Slang is a way of inclusion and exclusion. It separates those in the know from those who aren’t. Civil war youth had an entire language with fans, flowers, and gloves to give dating cues to the opposite sex in ways that the parental chaperones could not get. Slang can be subversive. It is weaponized communications used in many ways to include, exclude, separate, isolate, intimidate, love on, and meet many other needs of the communicator, sometimes just self affirmation.

I think about this when I overhear Christian speak. Christians have their own language, slang, short cuts, logic, and Bible based understanding. It is beautiful when they are together and have the same Christian speak. However, it is painful when Christian speak is used with non believers.

I’ve heard witnessing persons ask a person if they were “saved.” That is a question that a Christian would understand because it carries a lot of logic and theology with the term. A non-Christian won’t understand that. They will probably understand a potential threat and that they have been made a target, but not understand the term.

Christians use scriptures to verify their thoughts which is great, except when they are doing so with a non believer who does not recognize or understand the Bible. Jesus told parables. He explained heavenly principles in the terms the common man could understand. He only used the Bible terminology with the Pharisees and Sadducees who were trained in their common faith. Jesus communicates with us in ways that we can understand. That is loving.
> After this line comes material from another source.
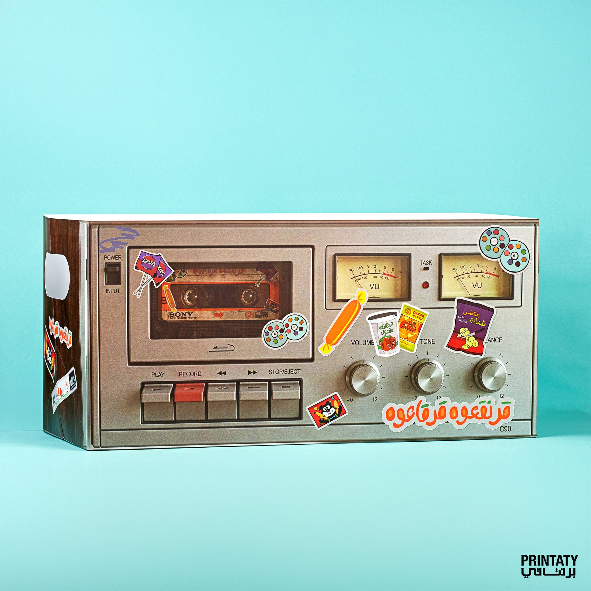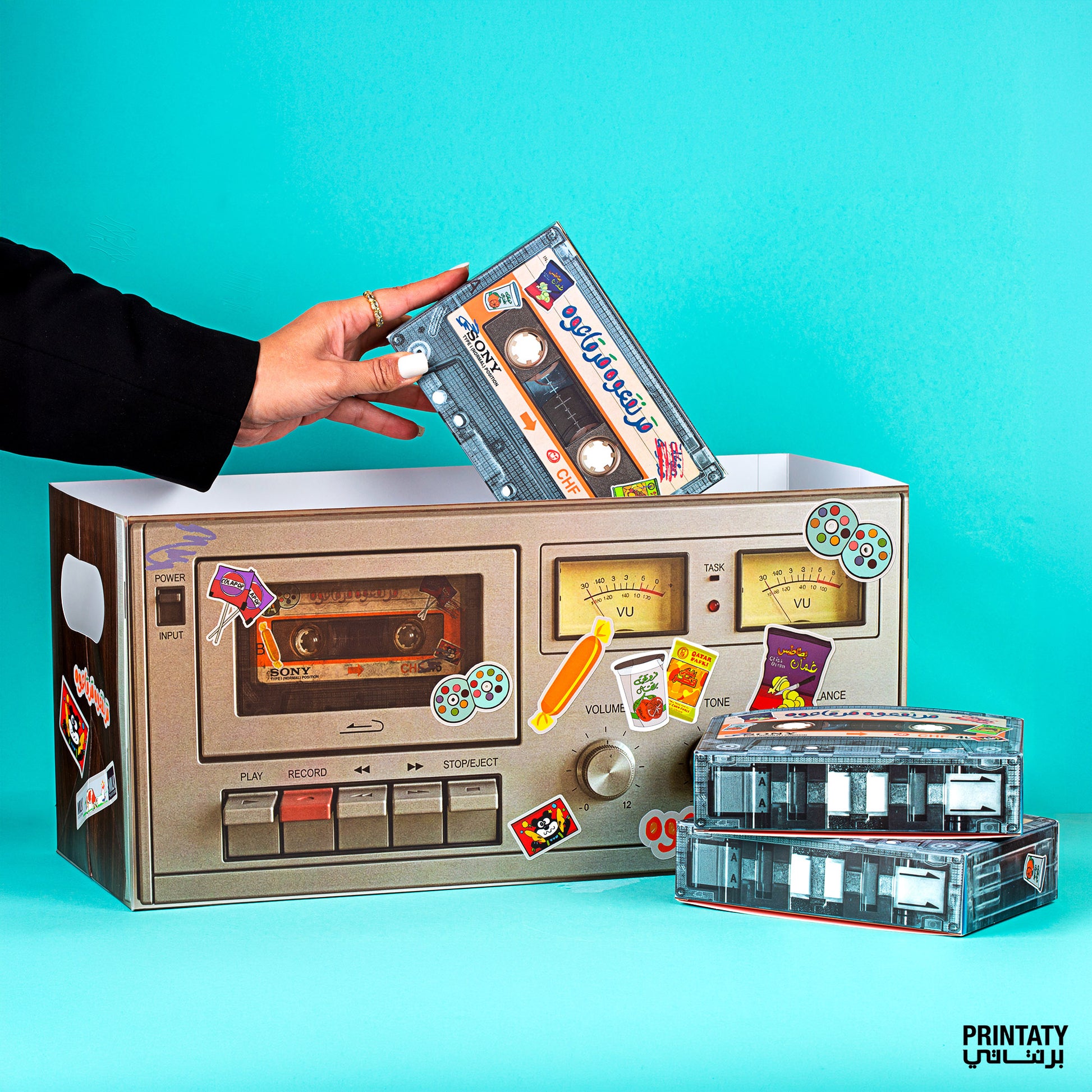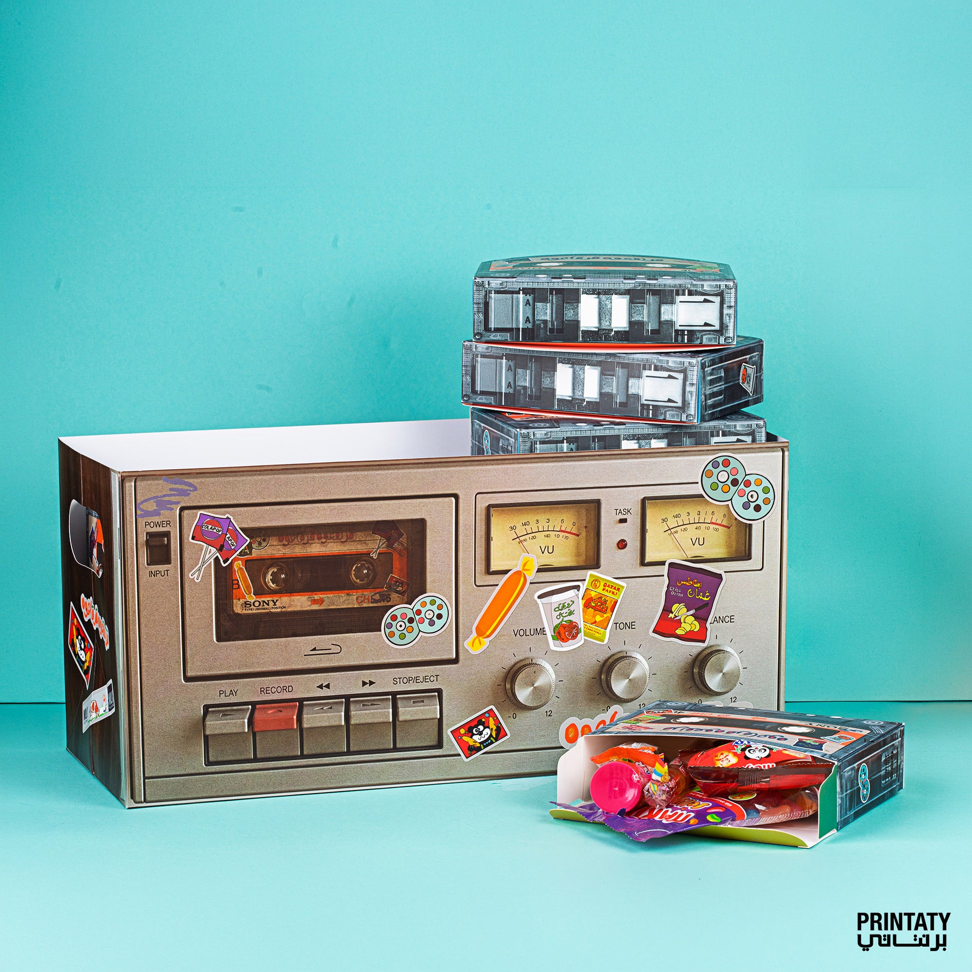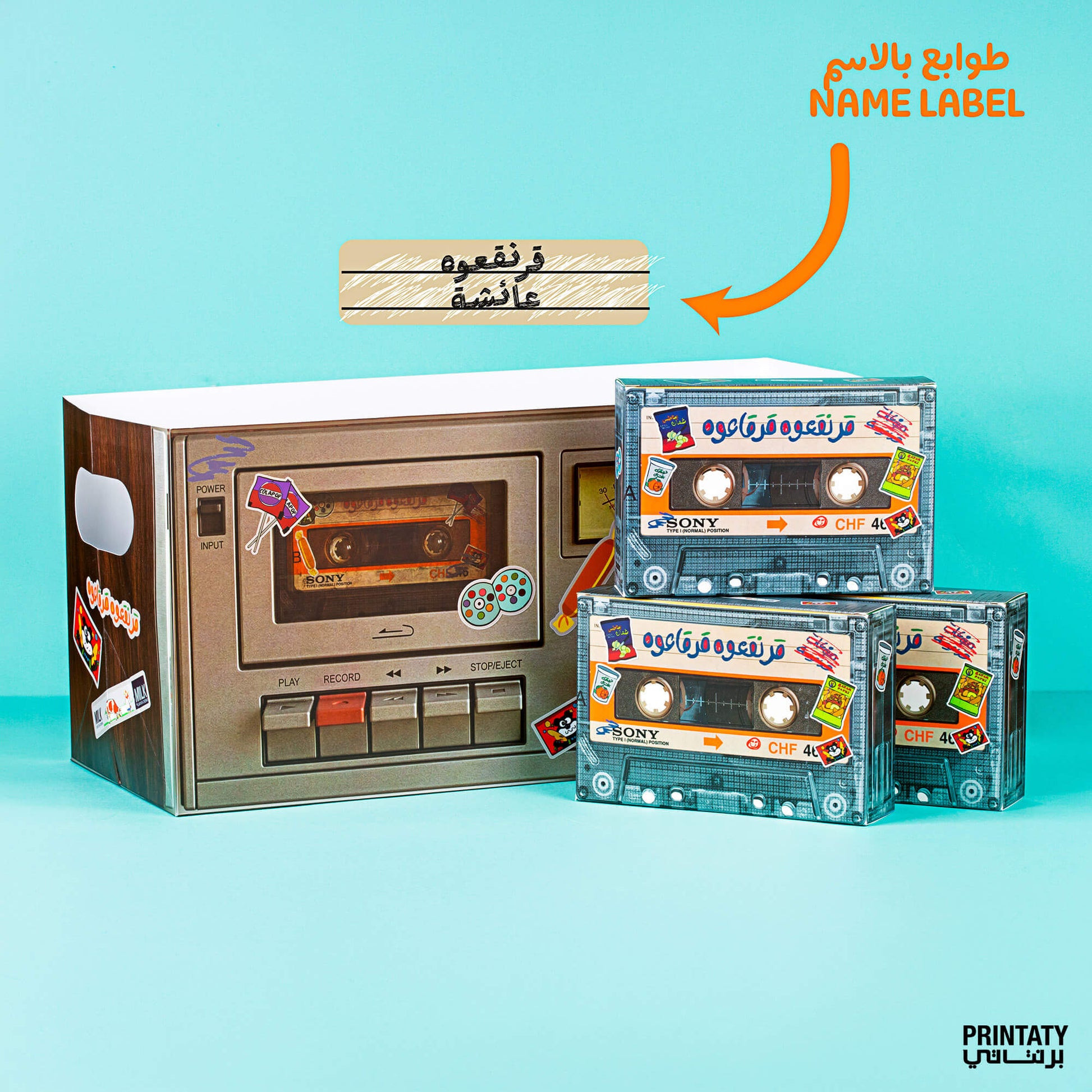 قرنقعوه :أشرطة كاسيت (10 علب) مع علبة كبيرة على شكل مسجل

I am challenged to consider how I am communicating. Am I forcing others to understand me and my thinking processes, or am I trying to understand them so I can communicate clearly and thoughtfully? Am I stretching to understand and love them, or forcing them to stretch and understand me? The truth of Jesus and heaven can be told in any language, circumstance, culture, and career. Jesus proved that in the way He taught and shared.

Seeing the beauty of God everywhere and in everything is encouraging. That encouragement can and should be shared. We are called to witness, but not to alienate through thoughtless language and slang.

I once was invited to a ministry at a retirement home for military personnel. I was extremely concerned because I had never been in the military and didn’t know how to talk to them. I realized that all I had to do was listen. Jesus had been every place they had gone and with them through all they had experienced. All I had to do was listen, and I would be able to point the Lord out to them in their own life experience. It was not about me, my understanding, or my slang. It was about the creator of the universe who truly and deeply loves everyone.